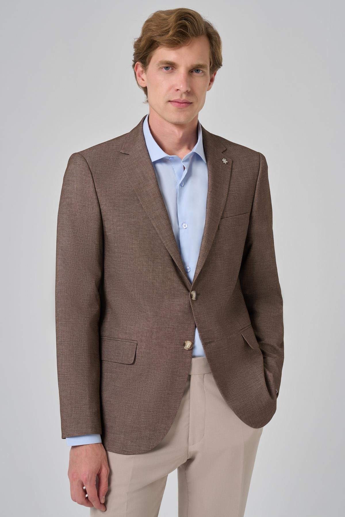 Morven Erkek KAHVE Yünlü Dynamic Fit Rahat Kesim Ceket
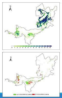 季節(jié)性沼澤減少直接導致珍稀鳥類和魚類食物來源的減少,造成棲息地環(huán)境質量下降甚至破壞;季節(jié)性沼澤的喪失和退化將使洞庭湖濕地的生物多樣性降低。最顯著的是西洞庭湖和南洞庭湖區(qū)林地面積的快速增加,主要由沼澤轉化而來,如圖,其中永久性沼澤轉化為林地共14800 公頃,由季節(jié)性沼澤轉化為林地為7900公頃 。
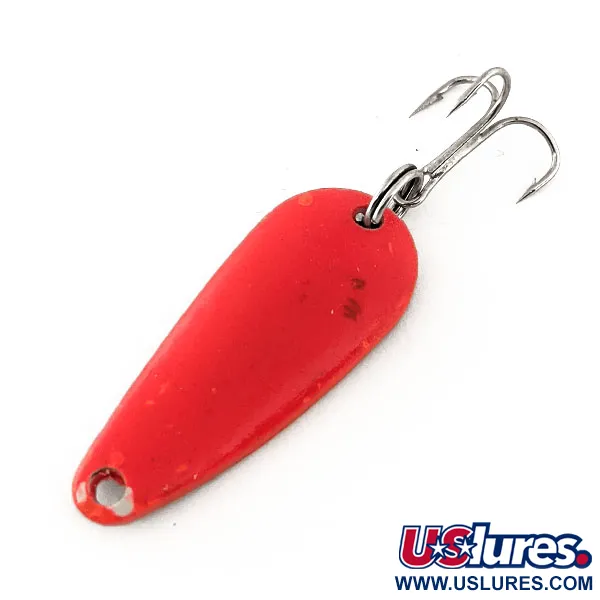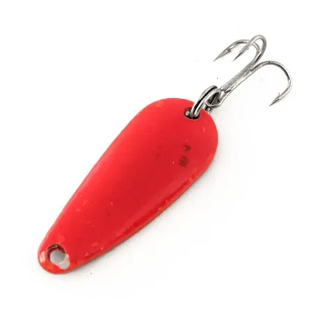 Met een lengte van precies 4 cm (1 1/2") geeft de compacte metalen body van 9 g (1/3 oz) deze Aero UV lepel zijn werpgewicht. De lepel is uitgevoerd in een Roze/Gouden afwerking en heeft een zeer reactief oppervlak dat fel oplicht onder ultraviolet licht (productcode 11490). Dit in de USA vervaardigde kunstaas van Aeroplane Spinner is in 5/5 staat, met een schone, levendige buitenkant zonder slijtage aan de lak of de gepolijste goudkleurige achterzijde. De montage bevat een standaard dreg bevestigd met een splitring, klaar voor gebruik. De druppelvorm zorgt voor stabiliteit tijdens het binnendraaien, terwijl de contrasterende metallic en fluorescerende kleuren zorgen voor zichtbaarheid in verschillende wateromstandigheden.
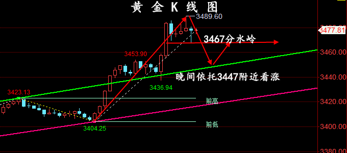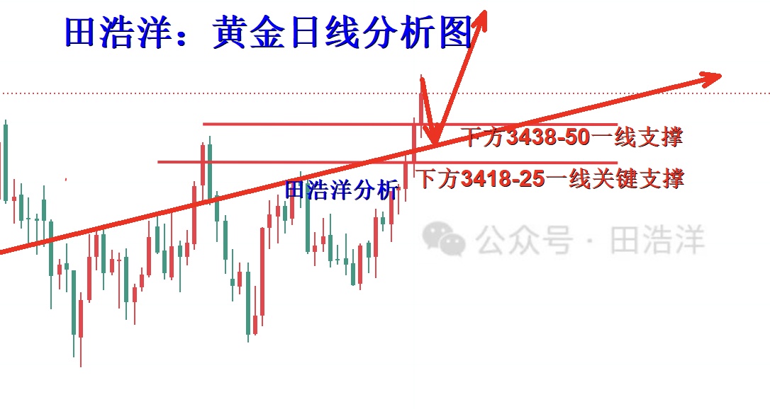 黄金今天开盘3438一线,然后开始震荡回踩蓄势,最低触及3437一线后开始反弹,截止目前多头最高触及3490一线回踩,早间开盘我们在3448附近做了一个短空,在3438一线获利出局,计划在3430-35一线做多,但是行情没有给机会进场,最低到了3436一线就反弹拉升了,遗憾错过一直看好的多头,黄金目前依旧是多头趋势,下方我们关注3438-50一线的支撑,回踩继续做多为主。如果你目前操作不理想,希望田浩洋能让你的投资少走弯路,欢迎前来沟通交流! 从日线分析来看,下方支撑继续关注3438-50一线附近,日内回踩依托此位置继续主多顺势看涨不变,短期多头强势分界线3418-25一线关口,日线级别企稳
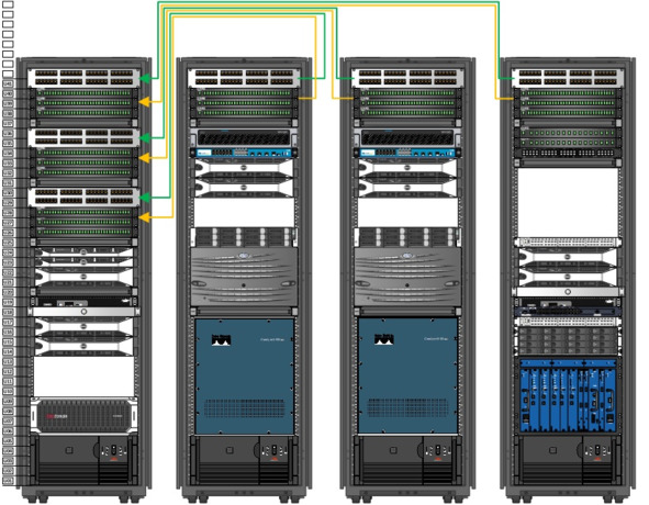 •Второй — два недорогих сплит кондиционера с мощностью порядка 18—24 кBTU каждый. В этом случае можно обойтись без фальшпола. Кроме этого желательно расположить кондиционеры друг против друга, а также выдвинуть стойки вперед и развернуть две из них в обратном направлении. Например, первая и третья стойки смотрят вперед, а вторая и четвертая задними дверками. Это обеспечить равномерность охлаждения комнаты и устранение мертвых зон теплого воздуха. Кроме этого не распологать кондиционеры над шкафами и электрощитами. Кодиционеры должны работать совмесно.

--------------------------------------------------

◆ **Work to be completed**
Except for the pictures, set down all of the records exactly.

◆ **Answer box**
 Morven Erkek KAHVE Yünlü Dynamic Fit Rahat Kesim Ceket
 季節(jié)性沼澤減少直接導致珍稀鳥類和魚類食物來源的減少,造成棲息地環(huán)境質量下降甚至破壞;季節(jié)性沼澤的喪失和退化將使洞庭湖濕地的生物多樣性降低。最顯著的是西洞庭湖和南洞庭湖區(qū)林地面積的快速增加,主要由沼澤轉化而來,如圖,其中永久性沼澤轉化為林地共14800 公頃,由季節(jié)性沼澤轉化為林地為7900公頃 。
 Met een lengte van precies 4 cm (1 1/2") geeft de compacte metalen body van 9 g (1/3 oz) deze Aero UV lepel zijn werpgewicht. De lepel is uitgevoerd in een Roze/Gouden afwerking en heeft een zeer reactief oppervlak dat fel oplicht onder ultraviolet licht (productcode 11490). Dit in de USA vervaardigde kunstaas van Aeroplane Spinner is in 5/5 staat, met een schone, levendige buitenkant zonder slijtage aan de lak of de gepolijste goudkleurige achterzijde. De montage bevat een standaard dreg bevestigd met een splitring, klaar voor gebruik. De druppelvorm zorgt voor stabiliteit tijdens het binnendraaien, terwijl de contrasterende metallic en fluorescerende kleuren zorgen voor zichtbaarheid in verschillende wateromstandigheden.
 黄金今天开盘3438一线,然后开始震荡回踩蓄势,最低触及3437一线后开始反弹,截止目前多头最高触及3490一线回踩,早间开盘我们在3448附近做了一个短空,在3438一线获利出局,计划在3430-35一线做多,但是行情没有给机会进场,最低到了3436一线就反弹拉升了,遗憾错过一直看好的多头,黄金目前依旧是多头趋势,下方我们关注3438-50一线的支撑,回踩继续做多为主。如果你目前操作不理想,希望田浩洋能让你的投资少走弯路,欢迎前来沟通交流! 从日线分析来看,下方支撑继续关注3438-50一线附近,日内回踩依托此位置继续主多顺势看涨不变,短期多头强势分界线3418-25一线关口,日线级别企稳
 •Второй — два недорогих сплит кондиционера с мощностью порядка 18—24 кBTU каждый. В этом случае можно обойтись без фальшпола. Кроме этого желательно расположить кондиционеры друг против друга, а также выдвинуть стойки вперед и развернуть две из них в обратном направлении. Например, первая и третья стойки смотрят вперед, а вторая и четвертая задними дверками. Это обеспечить равномерность охлаждения комнаты и устранение мертвых зон теплого воздуха. Кроме этого не распологать кондиционеры над шкафами и электрощитами. Кодиционеры должны работать совмесно.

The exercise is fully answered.